– Молчать, шляхтишка! – крикнул князь. – Я тебя в порошок сотру!
И он уже шел к нему, чтобы схватить ошеломленного мечника и швырнуть об стену.
Тут панна Александра встала между ними.
– Что вы, ваша светлость, хотите сделать? – сказала она.
Князь запнулся.
Она стояла перед ним с раздувающимися ноздрями, с горящим лицом, с огненными очами, как гневная Минерва. Грудь ее вздымалась под тканью, как морская волна, и так она была прекрасна в своем гневе, что Богуслав засмотрелся на нее, и все страсти, как змеи, до сих пор скрывавшиеся в глубинах души, выявились на его лице.
Через мгновение гнев его прошел, самообладание вернулось к нему, он все смотрел на Оленьку, наконец лицо его смягчилось, он склонил голову на грудь и произнес:
– Прости меня, ангельская панна! В душе у меня столько мук и скорби, что я не властвую над собой.

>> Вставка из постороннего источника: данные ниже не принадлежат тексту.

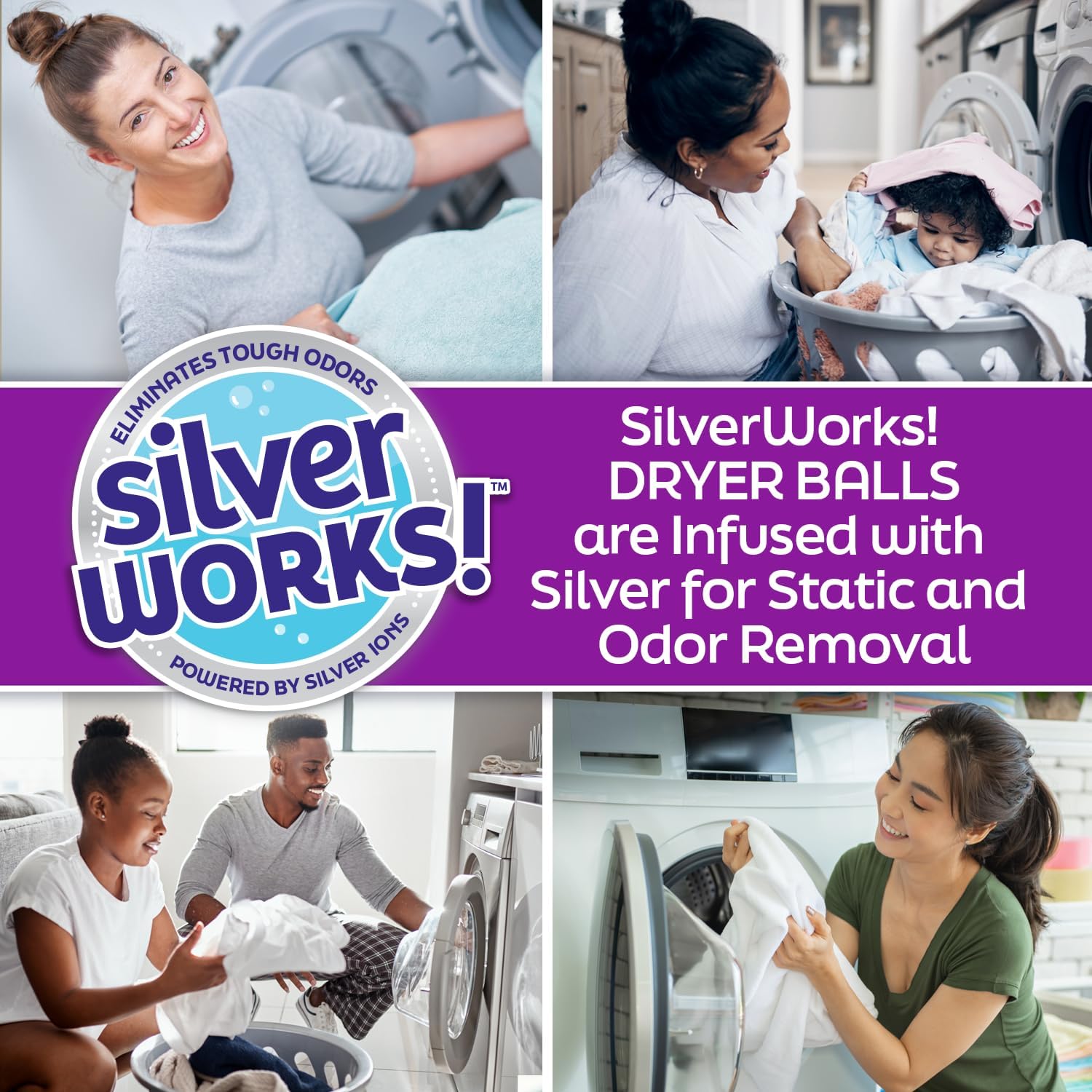 - REUSABLE FABRIC SOFTENER & STATIC REDUCER: SilverWorks! wool dryer balls prevent laundry from clumping together throughout the drying cycle reducing wrinkles, twisting, and tangling while gently softening fabrics and removing static.

Сказавши все это, он вышел из комнаты.
Оленька начала ломать руки в отчаянии, а мечник, опомнившись, стал рвать на себе волосы и закричал:
– Все псу под хвост пустил, погубил тебя своими руками!
Князь потом целый день не показывался. Даже обедал он у себя в покоях, сам-друг с паном Саковичем. Взбаламученный до крайности, он никак не мог собраться с мыслями. Терзала его какая-то горячка. Это была предвестница тяжелой лихорадки, которая вот-вот должна была накинуться на него с такою силой, что обычно он во время приступов весь цепенел, и приходилось его растирать. Однако он приписывал свое состояние в тот день безумной силе любви и понимал дело так, что либо должен получить удовлетворение, либо помереть.

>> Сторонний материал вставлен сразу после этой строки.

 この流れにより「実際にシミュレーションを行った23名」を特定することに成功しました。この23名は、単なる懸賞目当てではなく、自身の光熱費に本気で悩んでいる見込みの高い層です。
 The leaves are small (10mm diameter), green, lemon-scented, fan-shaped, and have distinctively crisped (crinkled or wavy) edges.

Однако же, передав Саковичу весь разговор с мечником, он сказал:
– У меня руки-ноги жжет, мурашки по спине бегают, во рту печет, горечь какая-то. А? Что это со мной, ко всем чертям?.. Никогда еще у меня такого не бывало!..
– А ваша светлость князь совестью своей подавился, как жареный петух кашей… Курятина ты, князь, курятина и есть! Ха-ха-ха!
– Дура ты!
– А хотя бы!
– Нужны мне твои остроты!
– А ты возьми, ваша светлость, лютню и подскочи девке под окошечко, может, тебе что и покажут… кулачок… пан мечник. Тьфу! И какой, черт побери, из Богуслава Радзивилла вояка?
– Ах, дурошлеп!
– Согласен! Я вижу, твоя светлость сам с собой уже заговариваешь и сам себе правду в глаза валишь. Ну, смелей, смелей! Не жалей гонору!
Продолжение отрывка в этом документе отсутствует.